> Task requirements
Once the line with "Chlorhexidindigluconat Lösung 2%" is found, write it out along with every line after it, exactly, up to the last line of the entries below. Exclude pictures.

> Data to examine

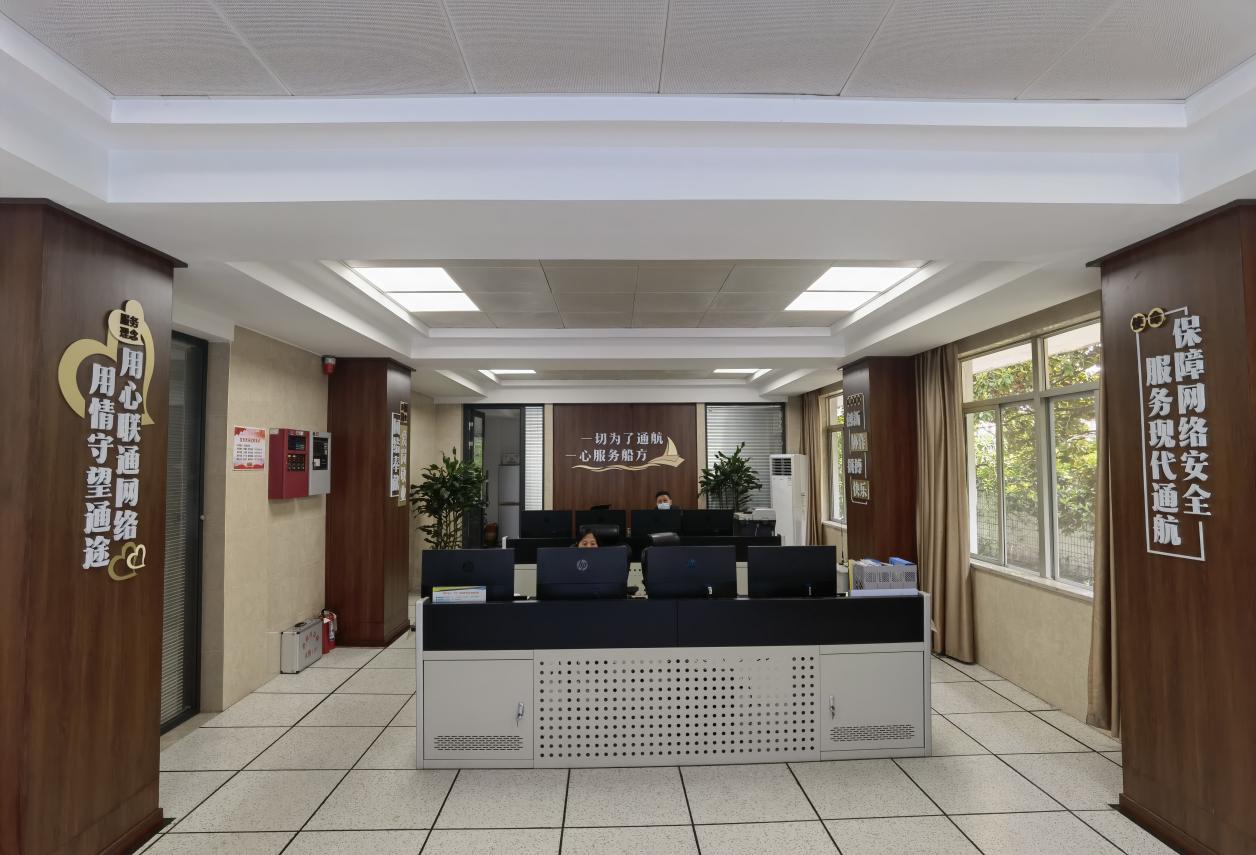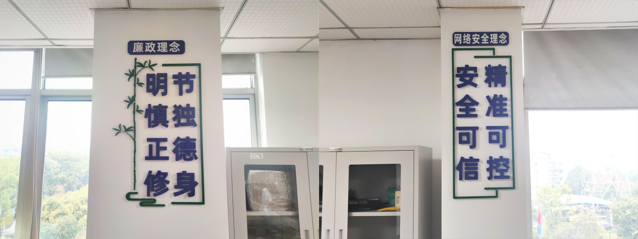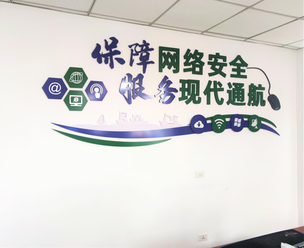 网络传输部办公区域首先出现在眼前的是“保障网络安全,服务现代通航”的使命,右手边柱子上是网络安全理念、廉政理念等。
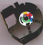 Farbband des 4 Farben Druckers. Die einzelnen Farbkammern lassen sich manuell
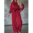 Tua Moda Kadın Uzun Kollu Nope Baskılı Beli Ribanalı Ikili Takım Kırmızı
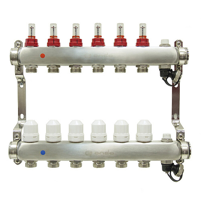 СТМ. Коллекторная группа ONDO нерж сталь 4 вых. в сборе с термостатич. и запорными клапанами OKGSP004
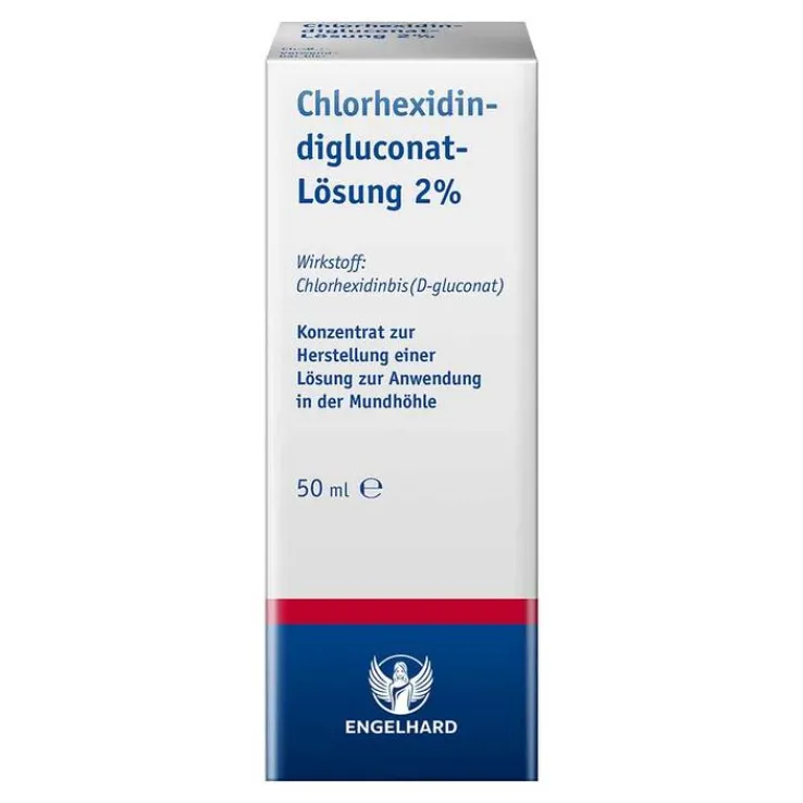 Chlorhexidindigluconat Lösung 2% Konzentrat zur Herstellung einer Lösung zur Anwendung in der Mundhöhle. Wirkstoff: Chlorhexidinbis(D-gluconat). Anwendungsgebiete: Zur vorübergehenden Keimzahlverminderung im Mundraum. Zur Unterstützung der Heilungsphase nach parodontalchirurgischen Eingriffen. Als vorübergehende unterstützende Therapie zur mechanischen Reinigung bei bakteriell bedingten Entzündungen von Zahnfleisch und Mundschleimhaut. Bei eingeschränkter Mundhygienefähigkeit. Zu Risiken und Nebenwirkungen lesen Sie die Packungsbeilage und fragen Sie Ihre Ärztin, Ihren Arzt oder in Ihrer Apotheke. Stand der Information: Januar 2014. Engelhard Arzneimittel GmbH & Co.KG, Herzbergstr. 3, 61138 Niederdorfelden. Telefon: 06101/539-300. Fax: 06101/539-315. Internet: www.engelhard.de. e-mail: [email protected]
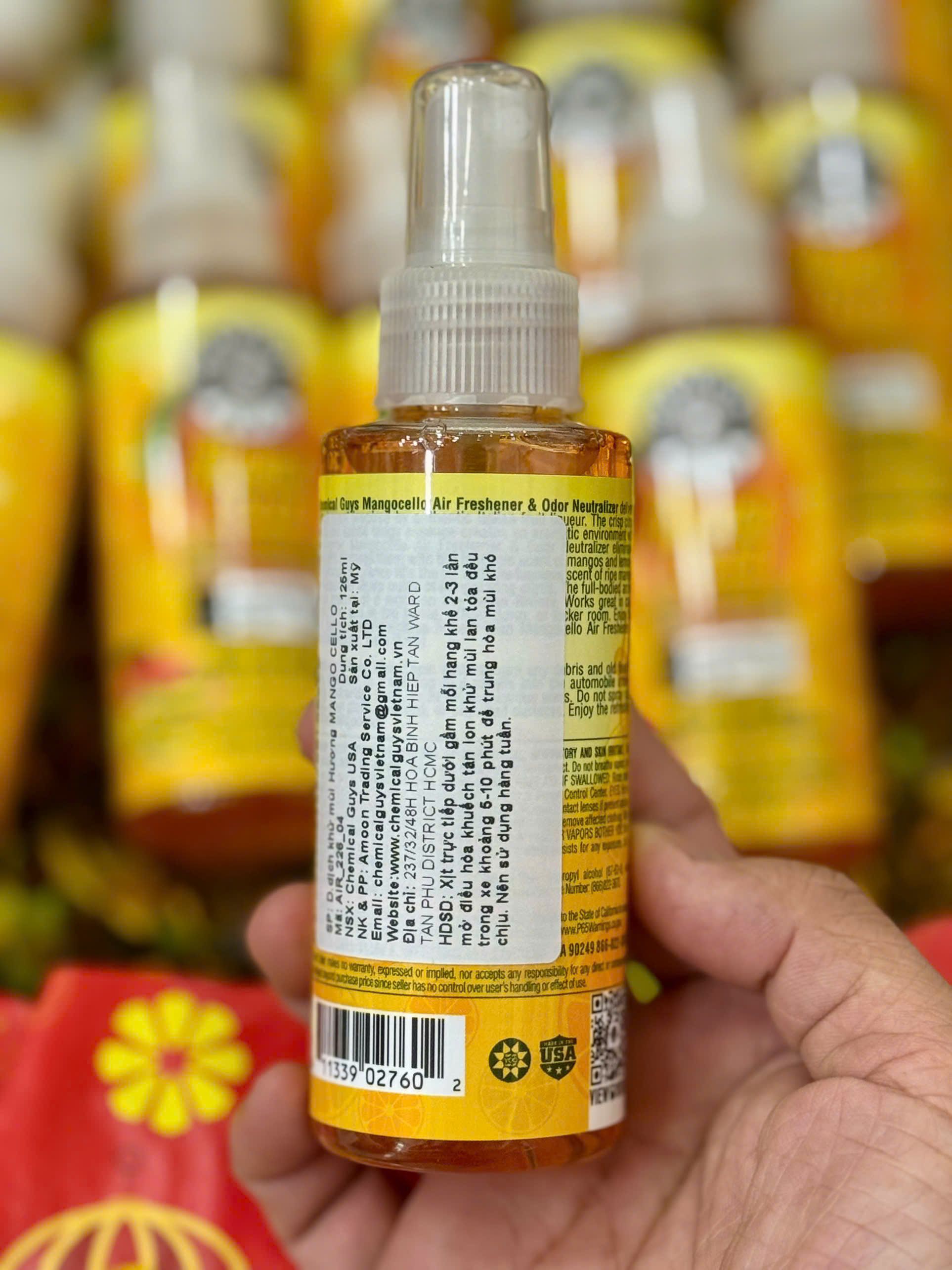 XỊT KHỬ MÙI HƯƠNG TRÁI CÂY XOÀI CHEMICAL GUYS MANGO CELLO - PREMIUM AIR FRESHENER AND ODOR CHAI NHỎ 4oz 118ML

> Final answer
 Chlorhexidindigluconat Lösung 2% Konzentrat zur Herstellung einer Lösung zur Anwendung in der Mundhöhle. Wirkstoff: Chlorhexidinbis(D-gluconat). Anwendungsgebiete: Zur vorübergehenden Keimzahlverminderung im Mundraum. Zur Unterstützung der Heilungsphase nach parodontalchirurgischen Eingriffen. Als vorübergehende unterstützende Therapie zur mechanischen Reinigung bei bakteriell bedingten Entzündungen von Zahnfleisch und Mundschleimhaut. Bei eingeschränkter Mundhygienefähigkeit. Zu Risiken und Nebenwirkungen lesen Sie die Packungsbeilage und fragen Sie Ihre Ärztin, Ihren Arzt oder in Ihrer Apotheke. Stand der Information: Januar 2014. Engelhard Arzneimittel GmbH & Co.KG, Herzbergstr. 3, 61138 Niederdorfelden. Telefon: 06101/539-300. Fax: 06101/539-315. Internet: www.engelhard.de. e-mail: [email protected]
 XỊT KHỬ MÙI HƯƠNG TRÁI CÂY XOÀI CHEMICAL GUYS MANGO CELLO - PREMIUM AIR FRESHENER AND ODOR CHAI NHỎ 4oz 118ML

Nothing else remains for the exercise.